The U.S. Court of Appeals for the District of Columbia in Washington has upheld the Food and Drug Administration’s (FDA) regulatory power over vapor products, report Bloomberg and Reuters.
The agency’s authority had been challenged by e-cigarette maker Nicopure Labs and the Right to be Smoke Free Coalition, who argued that the FDA violated the federal Tobacco Control Act by failing to provide an easier path to market for their products and their First Amendment rights by banning the distribution of free samples.
A three-judge panel unanimously said on Tuesday that the FDA’s application to e-cigarettes of rules governing tobacco marketing makes sense because the new products “are indisputably highly addictive and pose health risks, especially to youth, that are not well understood.”
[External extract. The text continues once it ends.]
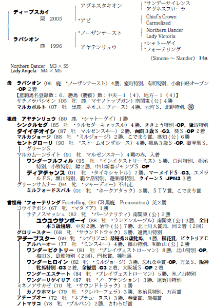 父:ディープスカイ 母:ラパシオン(母父:ノーザンテースト)

“The First Amendment does not bar the FDA from preventing the sale of e-cigarettes as safer than existing tobacco products until their manufacturers have shown that they actually are safer as claimed,” U.S. Circuit Judge Cornelia Pillard wrote for the court.
While the FDA prevailed in the case, the agency still faces stiff resistance from trade groups and conservative activists in anticipation of its e-cigarette flavor restrictions.
Opponents say flavor restrictions will stifle a budding e-cigarette industry while killing thousands of jobs and small businesses.
Tuesday’s appellate ruling affirmed a 2017 decision by U.S. District Judge Amy Berman Jackson in Washington.